Capii subito che avrei dovuto scegliere qualcosa di più elegante, invece del vestitino rosa confetto che indossavo, corto fino alle ginocchia.

Rimaneva lì, in silenzio, immobile nella sua posa militare. Lo vidi deglutire, ma non parlò.

"Buonasera..." disse Smir't, prendendoci in giro, per il nostro imbarazzo.

Scoppiammo a ridere all'unisono e l'incantesimo si spezzò.

"Ciao, vedo che il tuo bagno è stato rigenerante come il mio" ruppe finalmente il silenzio il Tenente.

"Indimenticabile! Anzi credo che domani lo porterò a casa con me!" Risposi allegra, ma un'ombra passò sui suoi occhi.

Percepii i peli del mio corpo rizzarsi in un colpo solo e mi vidi costretta ad aggiungere: "Sempre che io, domani, abbia il tuo permesso di ritornare al mio bilocale..."

Il suo naso si arricciò in una smorfia molto vicina al disgusto, ma, invece di rispondere, mi porse la mano: "Vieni, la cena è pronta."

"Ancora non è arrivato il momento delle spiegazioni?" Insistetti, mentre lasciavo cadere la mia mano nella sua. Avvolse le sue dita fresche intorno al mio palmo e tutte le mie paure esplosero in aria come un fuoco d'artificio e, con la stessa velocità, si spensero. Quando alzai lo sguardo verso di lui, trovai i suoi occhi fissi nei miei, con tanta malinconia dentro.

"E' molto più difficile di quello che credevo..." si disperò.

"Perché non cominci dall'inizio?" gli suggerii dolcemente.

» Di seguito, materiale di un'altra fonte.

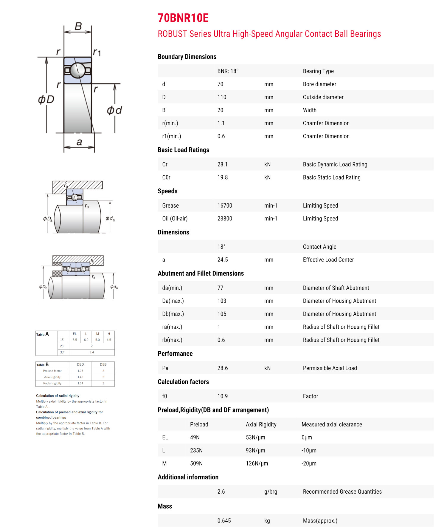 NSK 70BNR10ETYNDBLP4 มีขนาดวงใน 70 มิล วงนอก 110 มิล หนา 20 มิล เป็นตลับลูกปืนเม็ดกลมความเที่ยงตรงสูงรุ่น Robust มุมสัมผัส 18° องศา มีค่าความแม่นยำ ClassP4 รุ่นประกบคู่ รองรับความเร็วรอบได้สูงมาก
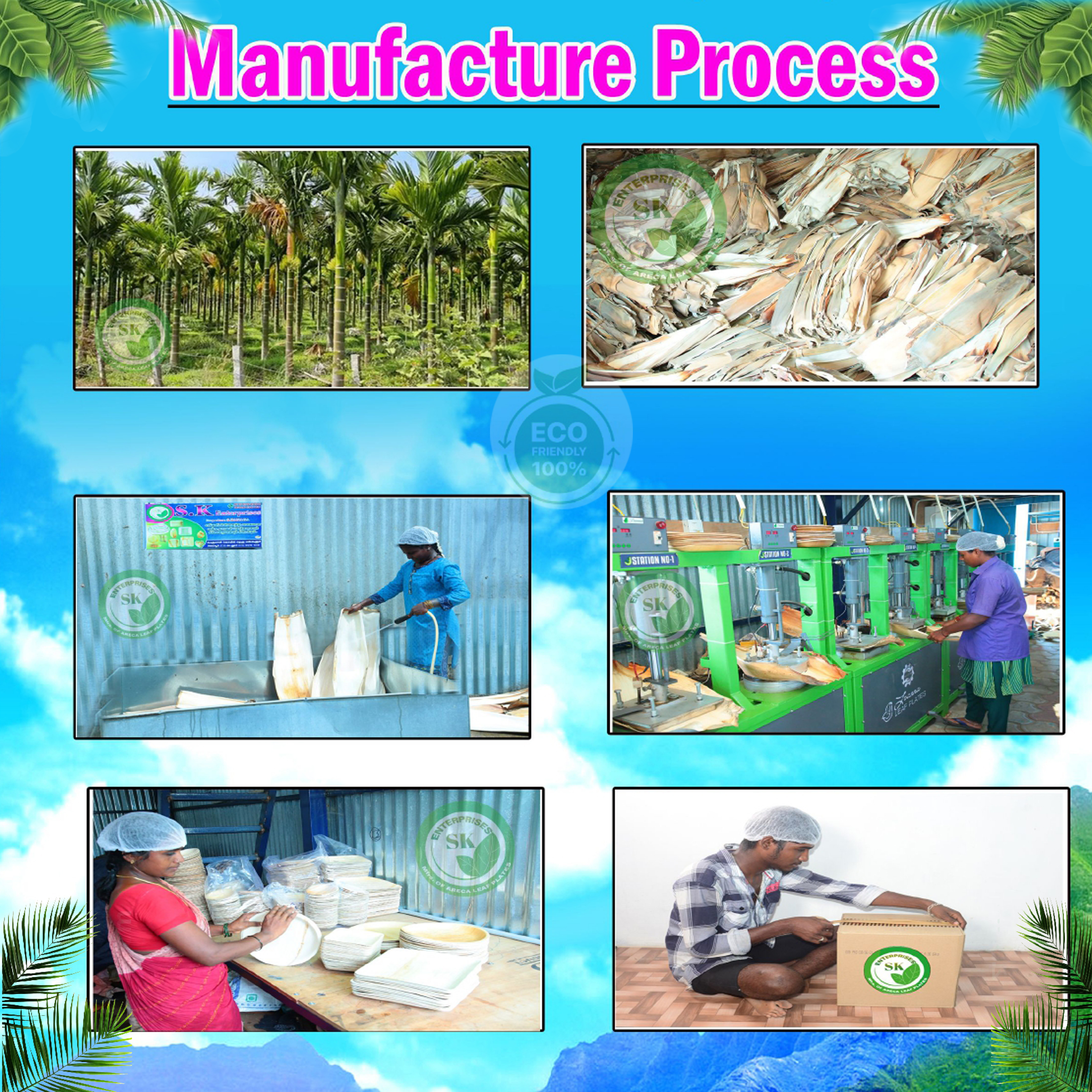 Situated amidst verdant surroundings, our manufacturing facility is designed to minimize environmental impact. Equipped with state-of-the-art machinery, our skilled artisans meticulously transform responsibly sourced fallen Areca Areca leaves into high-quality plates.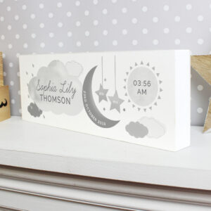 Personalised New Baby Moon & Stars Wooden Block Nursery Sign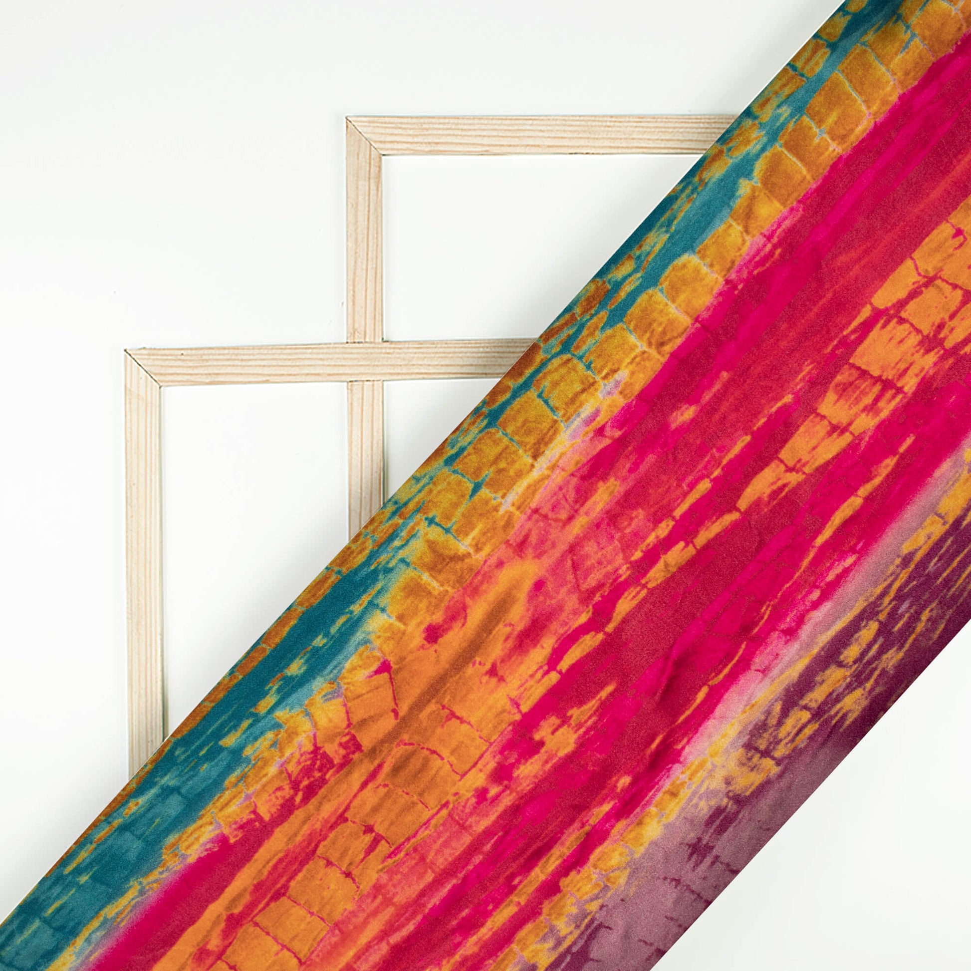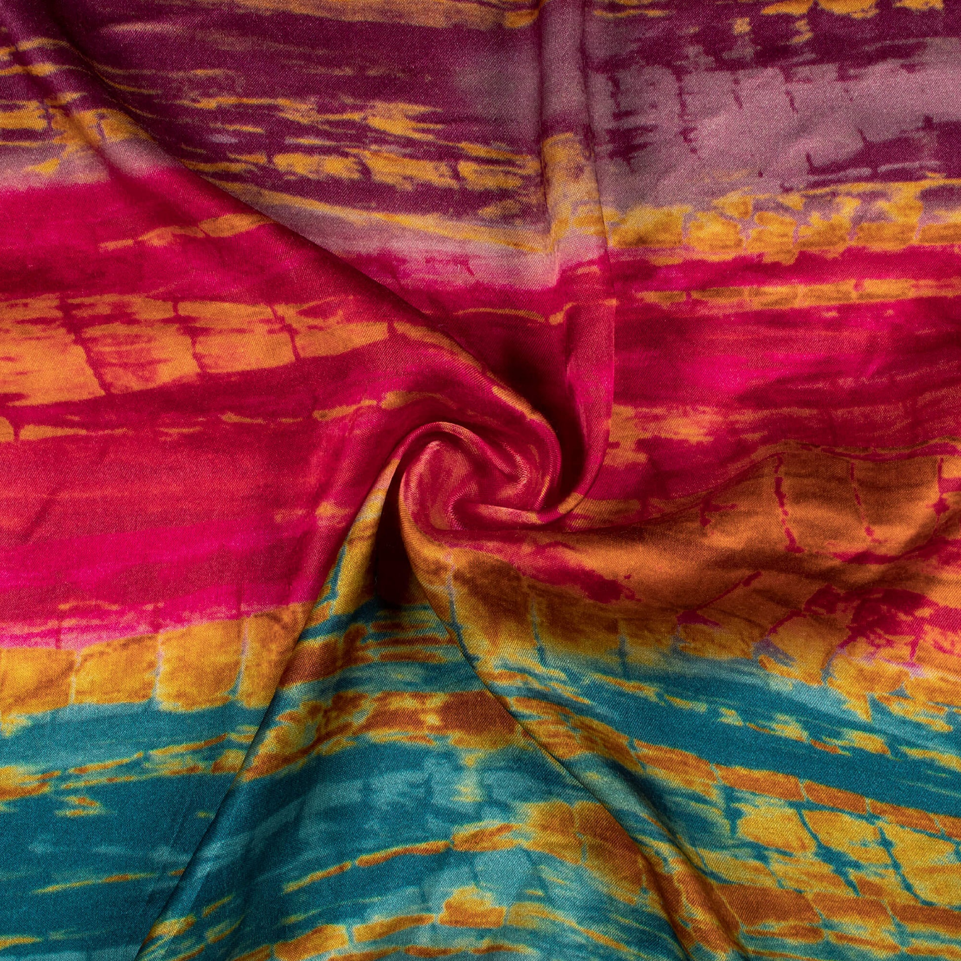 Magenta Pink And Orange Shiiborii Digital Print Viscose Gaji Silk Fabric

"Promettimi che mi darai almeno il beneficio del dubbio, perché non credo che potrai credermi... non finché non troverò delle vere prove."

Quelle parole non promettevano niente di buono, ma notai che era più preoccupato dal pericolo che io non lo ascoltassi, che per la mia sicurezza. Voleva dire che a come proteggermi aveva già pensato lui?

Arrivammo nel salone e quando vidi la tavola colma di vassoi con carne, pesce, frutta e anche un bellissimo dolce, il mio stomaco si agitò rumorosamente.

"Vieni, accomodati. Parleremo mentre mangiamo"

La tradizione Ryut non prevedeva posate, in quanto i loro artigli potevano spezzare o ridurre a brandelli qualsiasi pietanza, perciò mi diressi verso il posto dove invece erano state aggiunti coltello e forchetta. Iliakós si sedette al capo opposto del tavolo, cercando di non mostrarmi la sua inquietudine.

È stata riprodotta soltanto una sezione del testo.